→ Supplied data:
______

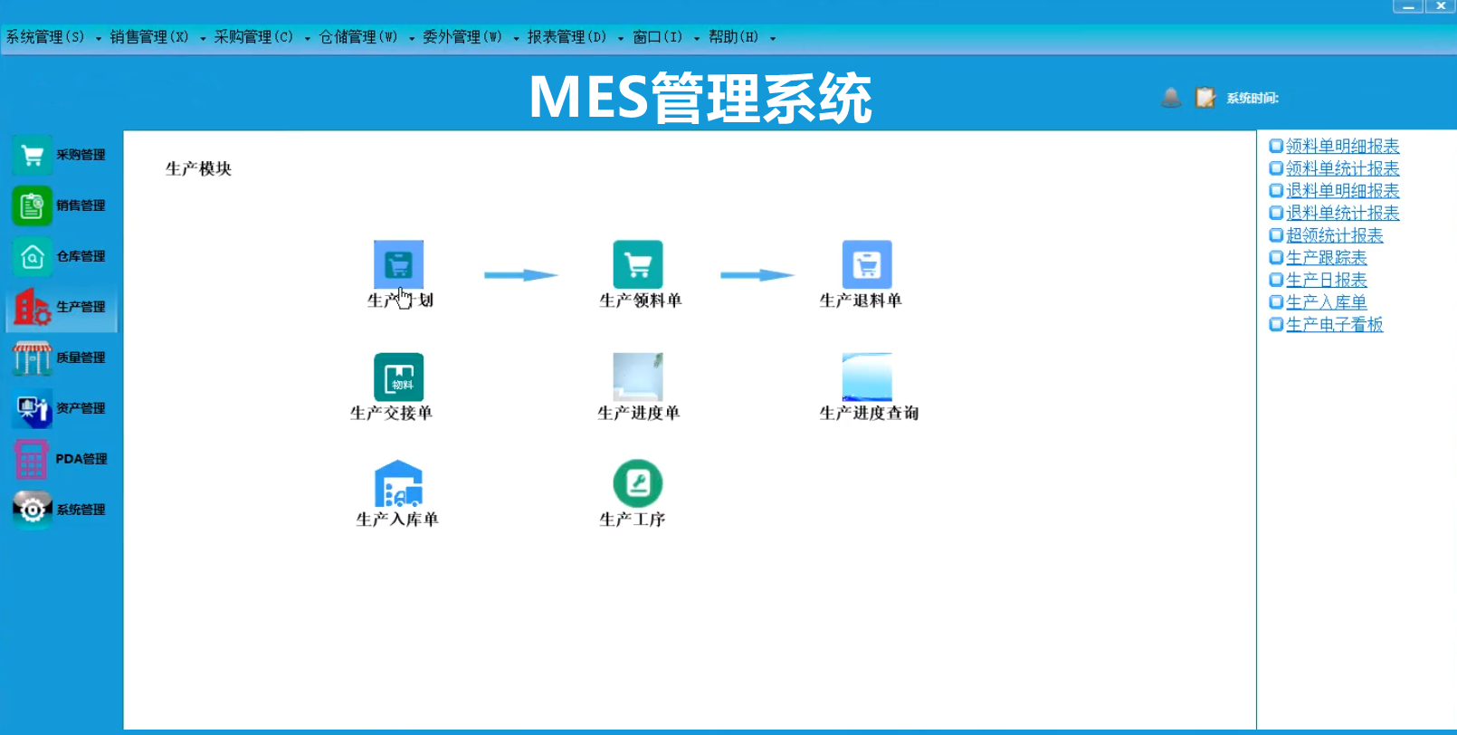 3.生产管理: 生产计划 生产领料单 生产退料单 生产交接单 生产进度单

______

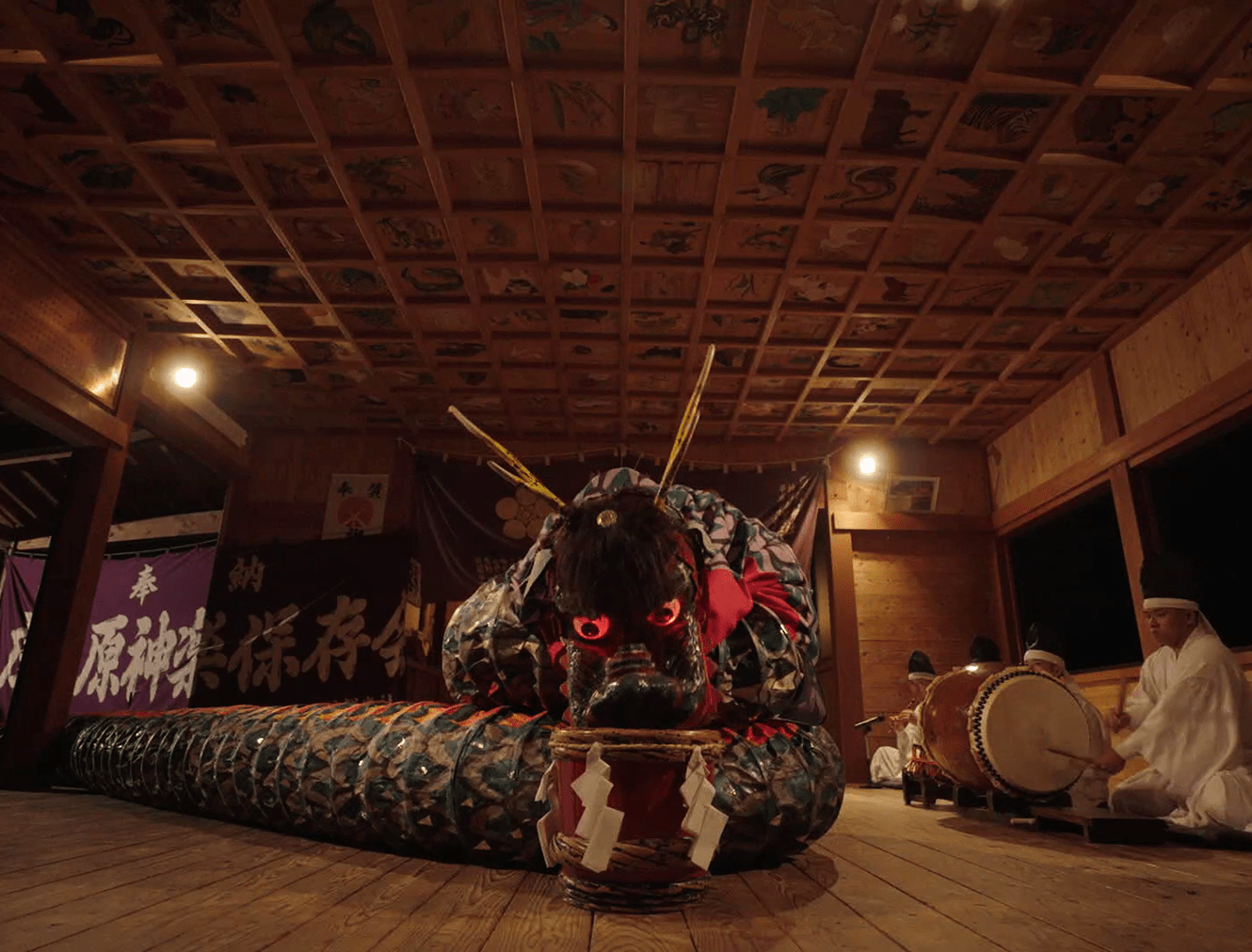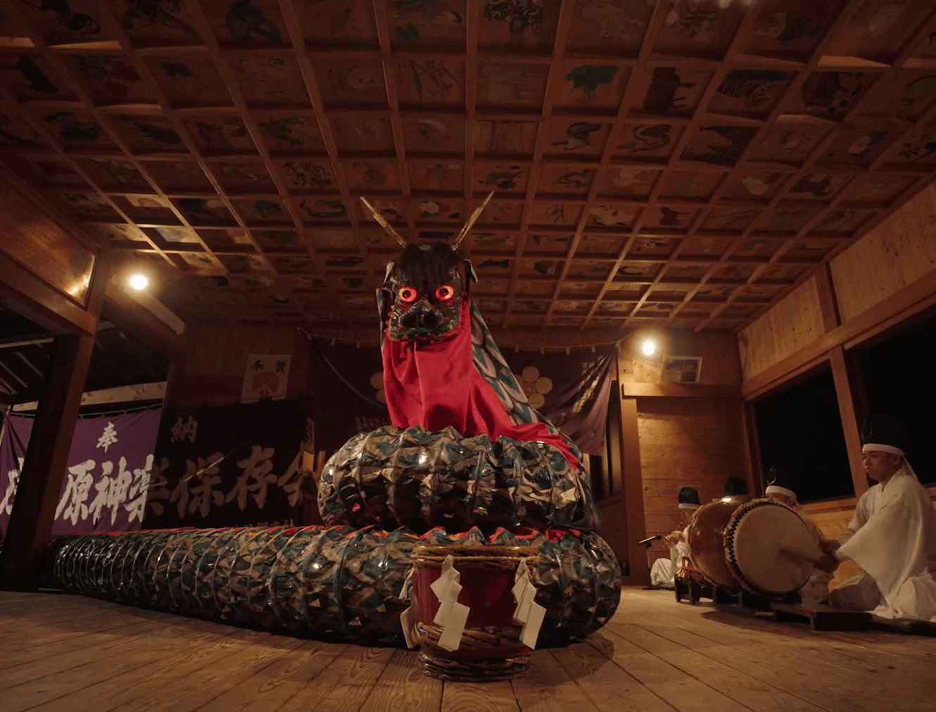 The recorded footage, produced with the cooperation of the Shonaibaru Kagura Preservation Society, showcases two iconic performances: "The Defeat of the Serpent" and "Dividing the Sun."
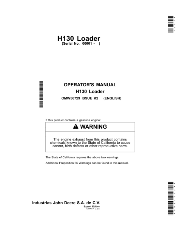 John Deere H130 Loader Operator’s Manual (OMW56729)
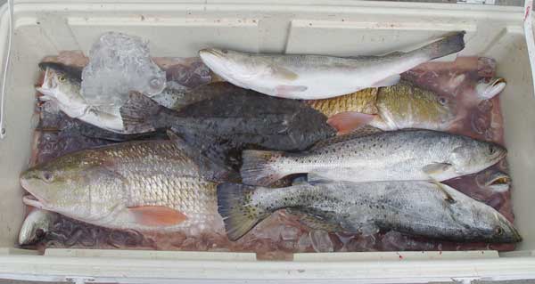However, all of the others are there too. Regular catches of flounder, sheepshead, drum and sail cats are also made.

______

→ What needs to be done:
All lines above starting at the one with "John Deere H130" and ending at the one with "However, all of", inclusive, are to be printed again exactly, with the pictures left out.

→ Exercise output:
 John Deere H130 Loader Operator’s Manual (OMW56729)
However, all of the others are there too. Regular catches of flounder, sheepshead, drum and sail cats are also made.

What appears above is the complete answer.